Examine: Cooling Systems – Cooling fans, heat sinks and liquid cooling systems, to include thermal pads, etc. may be checked to see that they are in proper working condition. An inadequately functioning cooling system is virtually guaranteed to create a state of overheating.
Conductivity and Insulation Testing – The electric insulating properties of that component liable to develop some sort of overheating fault due to insulation breakdown may be measured.
SiC technology for power electronic devices and systems where thermal management is critical. SiC diodes and MOSFETs possess a superior thermal conductivity and temperature handling ability, can withstand up to 300 °C
Corrosion of Electrical Contacts
Corrosion can attack electrical contacts or even just connectors which moisture, chemicals, or other environment factors can attack. This creates a higher resistance path for the overall circuit with resultant heating and power loss, or in severe cases, outright failure.
Diagnosis:
Visual Inspection: Look for green verdigris build up or white powdery dusting on connectors or cadmium terminal.
Check for Loose Connections: Loose Connections or improper torque at Connections makes these conditions very prone to corrosion. Tighten Connections and check for continuity.
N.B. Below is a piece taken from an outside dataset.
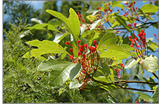
Sassafras flowers

This tree performs well in both full sun and full shade. It prefers to grow in average to moist conditions, and shouldn't be allowed to dry out. It is not particular as to soil type, but has a definite preference for acidic soils, and is subject to chlorosis (yellowing) of the foliage in alkaline soils. It is quite intolerant of urban pollution, therefore inner city or urban streetside plantings are best avoided. This species is native to parts of North America.

Use Corrosion Resistant For Materials:Contacts and other connectors vulnerable to ingress of moisture or in corrosive environments should be made of corrosion resistant material, such as stainless steel.
Electrical Arcing
Arcing occurs when an electrical current “jumps” from one conductor to another, usually when a switch is opened and its contacts are separated, or other devices such as ers.
Diagnosis:
Visual Inspection: Look for evidence of burnt contact, common in breakers and whole switches.
Arc-Fault Circuit Interrupter or AFCI’s. These detectors sense the unique characteristics of arcing and go on interrupting the circuit, if required. You may wish to use this as a special safety add on. And do.
Switch Tests: An ordinary test for switches and whole breakers is simply switching them on and off and seeing that their make and break characteristics are correct. There should be no visible sparking or burning or other indications of broken contacts.
Classification: SiC is often a design solution in arc-fault detection and mitigation systems. SiC has a fast-switching speed and is heat tolerant.
Conclusion
You hopefully now have a few more ideas about electrical system fault and its diagnosis. Remember “proper training and education on your part are paramount in assiduously diagnosing and eliminating, before they occur, the common system bumps in the road that can, if neglected, be easily turned into bugs in the show and become an expense you can ill afford, either monetarily or in costly downtime.